The grant application specifically mentions community awareness events as non-allowable uses for the money.

Oklahoma-based TruthWorks helps pregnancy centers and drug rehabilitation centers receive government funding “by rigorously monitoring how dollars are spent, while ensuring the separation of private (faith-based services) and reimbursable services from the government,” according to its website. The organization operates in Oklahoma, Texas and Nebraska and hoped to expand into Arkansas with the grant money, its application states.

The centers that will receive the money plan to use it primarily for advertising, including targeted digital ads aimed at Arkansans whose online activity suggests that they may have an unplanned pregnancy, according to the applications. The Advocate obtained copies of the applications through an Arkansas Freedom of Information Act request.

The grant program’s goal is to help pregnant Arkansans give birth regardless of whether the organization or the client practices any religion, so the money can only be used for non-religious services, Department of Finance and Administration spokesman Scott Hardin said last month.

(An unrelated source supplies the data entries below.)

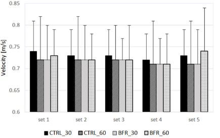 Mean bar velocity (m/s) during each set of the bench press exercise under experimental conditions. CTRL_30: control condition (5-min rest interval); CTRL_60: control condition (5.5-min rest interval); BFR_30: BFR condition (4.5-min BFR + 30-s reperfusion); BFR_60: BFR condition (4.5-min BFR + 60-s reperfusion)
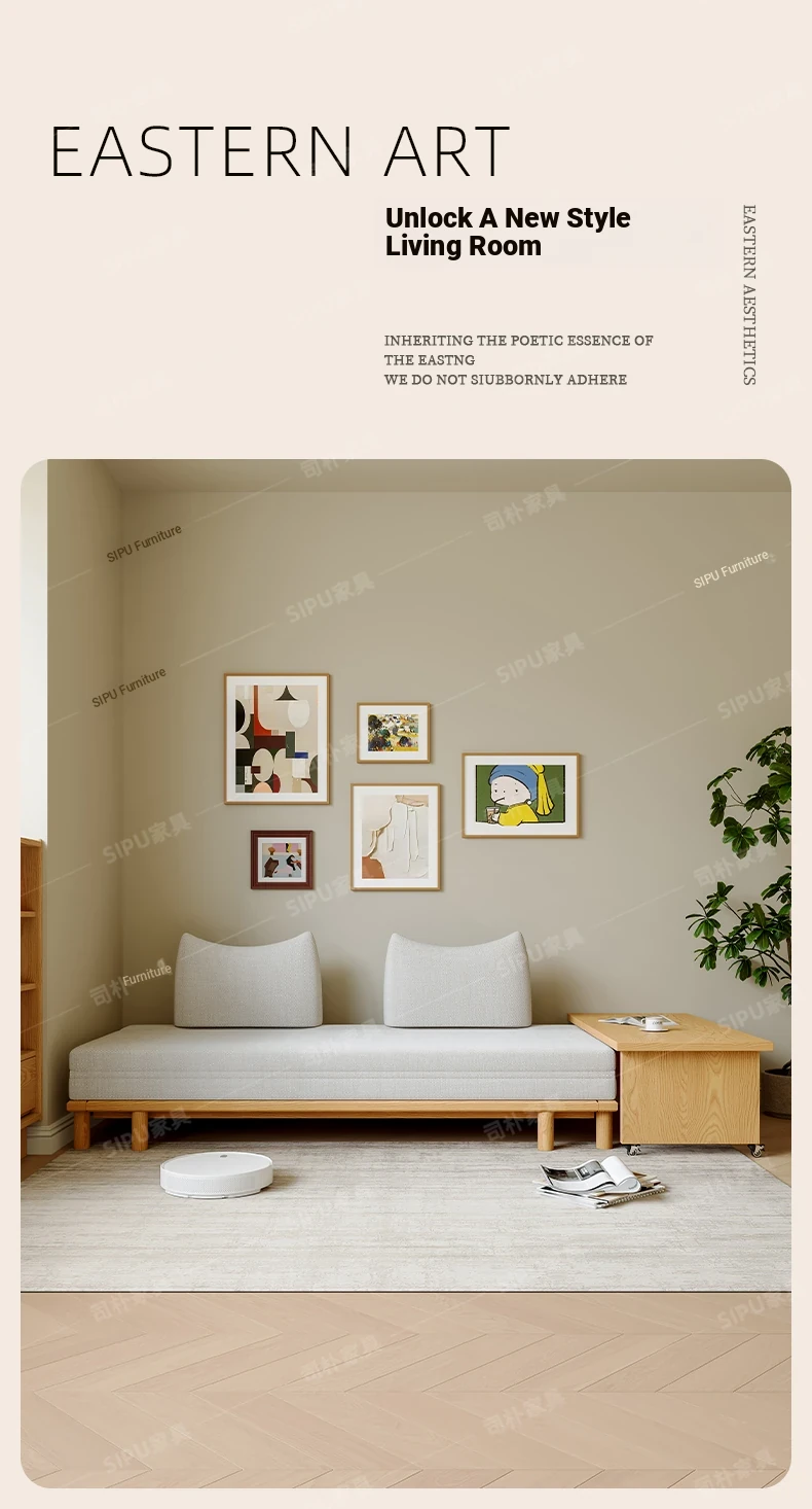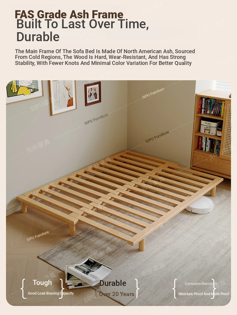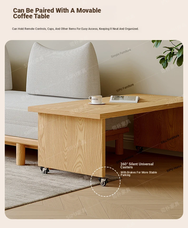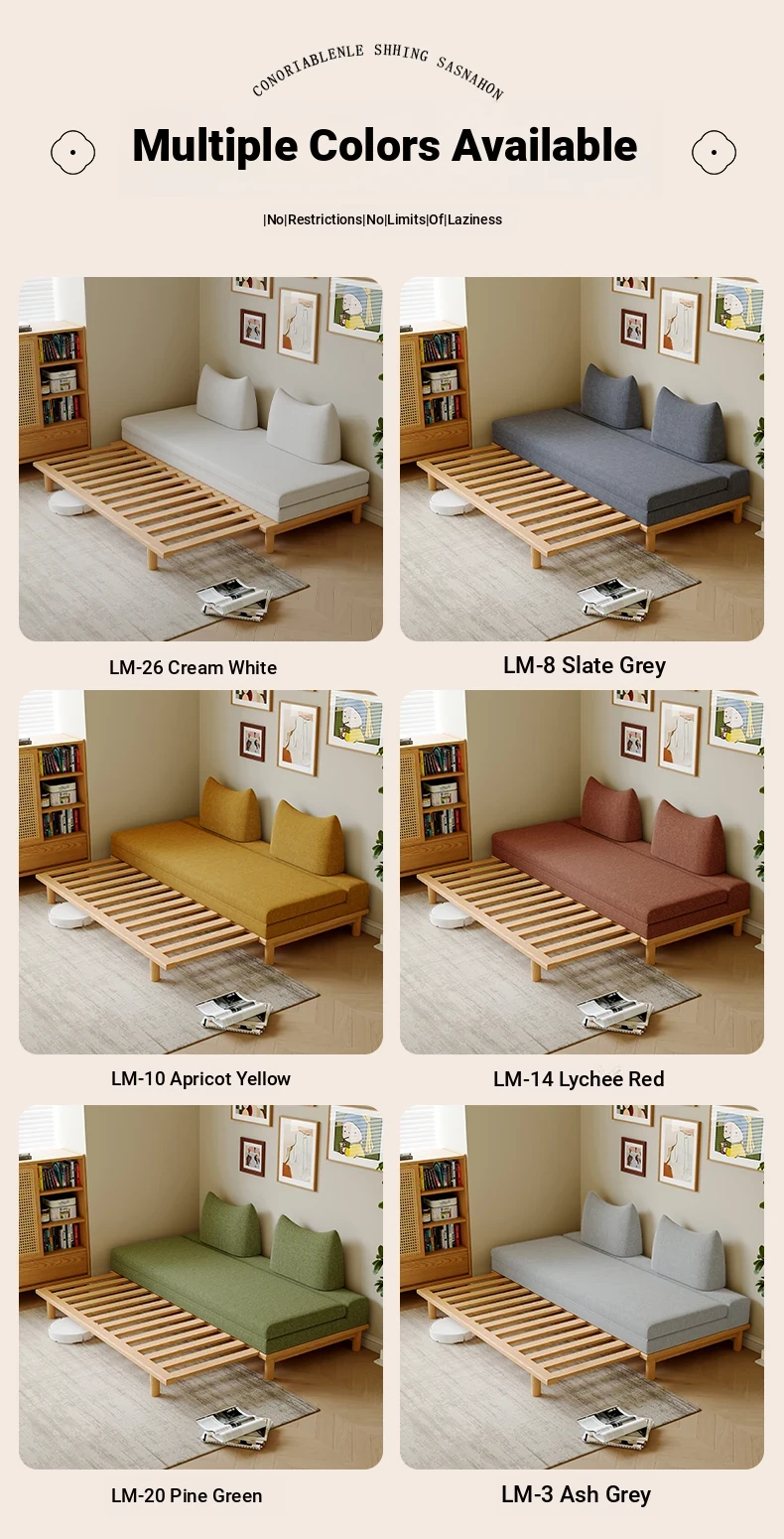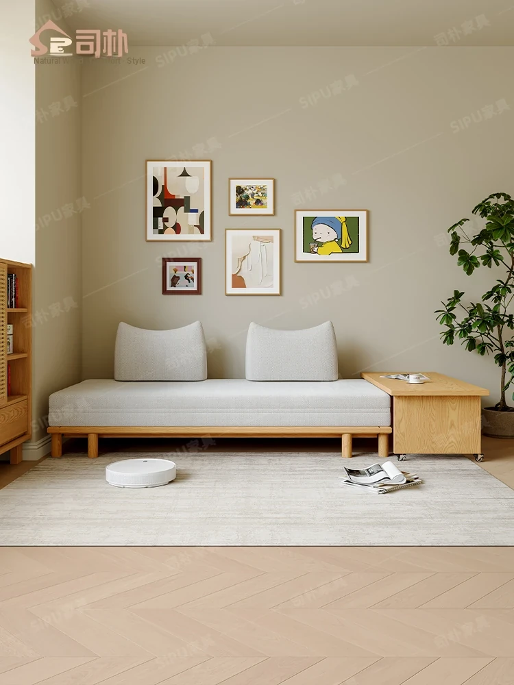 Scandinavian-Japanese Style Wooden Cream Balancing Sofa Bed for Small Living Rooms - Versatile 2-in-1 Design for Compact Spaces
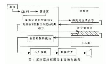 圖1為系統(tǒng)原理圖框圖以及主要操作流程。系統(tǒng)采用串行口與外界交互,任何具有標準串口的設(shè)備均可與本系統(tǒng)相連。欲發(fā)音漢字的國標碼(GB碼)由串口送入MCU,MCU將其映射為Flash存儲器地址表中對應(yīng)項的地址,然后根據(jù)此地址取得對應(yīng)項中的命令字,由MCU根據(jù)該命令字讀取該漢字發(fā)音對應(yīng)的語音數(shù)據(jù),連續(xù)讀出語音數(shù)據(jù)并以游程碼解碼算法解碼后,按照語音采樣時的固定速率通過D/A轉(zhuǎn)換和功率放大播放。本文中語音采樣速率為11025B/s。為滿足應(yīng)用需求,本文首先構(gòu)建易于快速解碼的語音庫,根據(jù)特定Flash存儲器的存儲格式,以快速多查找表尋址及命令字預(yù)先存儲的方式組織并存儲在Flash存儲器中,以滿足語音播放的實時要求。同樣,MCU的代碼也要優(yōu)先考慮速度而犧牲諸如模塊化、可讀性方面的要求。最后,出于實用性考慮,系統(tǒng)中需加入足夠的輸入緩沖區(qū)支持,以滿足一次輸入多個流字或整句的要求。
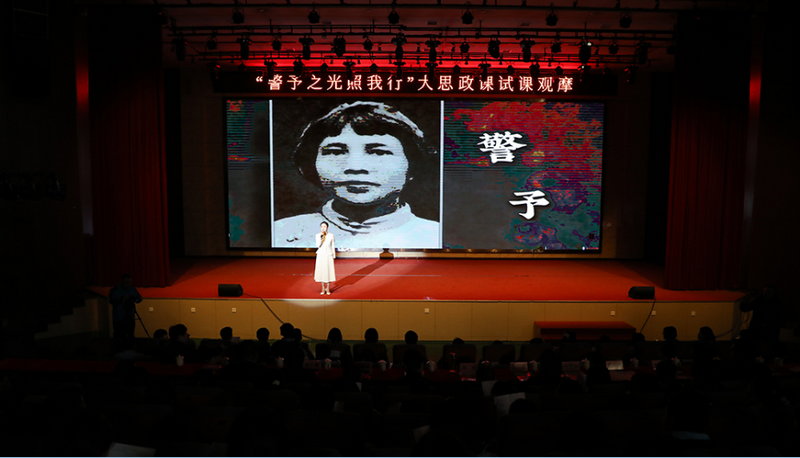 課堂以情景演繹形式切入,聚焦中國共產黨唯一女創始人向警予的革命事跡。主講老師陳雪薇以“光”為主題,設置“尋光·青春何以覺醒、聚光·信念鑄就豐碑、發光·熱血浸染山河、續光·我輩砥礪前行”四個篇章,通過沉浸式演繹、故事化表達、互動式提問的創新形式,將宏大理論與青春視角、地方實踐深度融合,打造出一堂有思想深度、情感溫度、藝術感染力的思政課。課堂尾聲,全體學生齊聲喊出“強國有我”的青春誓言,鏗鏘有力的聲音彰顯出新時代青少年傳承紅色血脈、勇擔時代重任的堅定決心。

Some pregnancy resource center directors said in August they would not apply for the grant. They said they feared accepting government money could restrict their religious missions even if the money would help them expand their services.

The finance department held a Zoom meeting last month so potential applicants could ask questions about the grant. Hardin said Monday the department will accept more applications for the remaining grant money, with the new application window still to be determined.

“We anticipate increased interest as applicants now understand the process,” Hardin said in an email.

The grantees must spend the money by June 30. Any money left over in the grant fund will be returned to the state’s general revenue fund.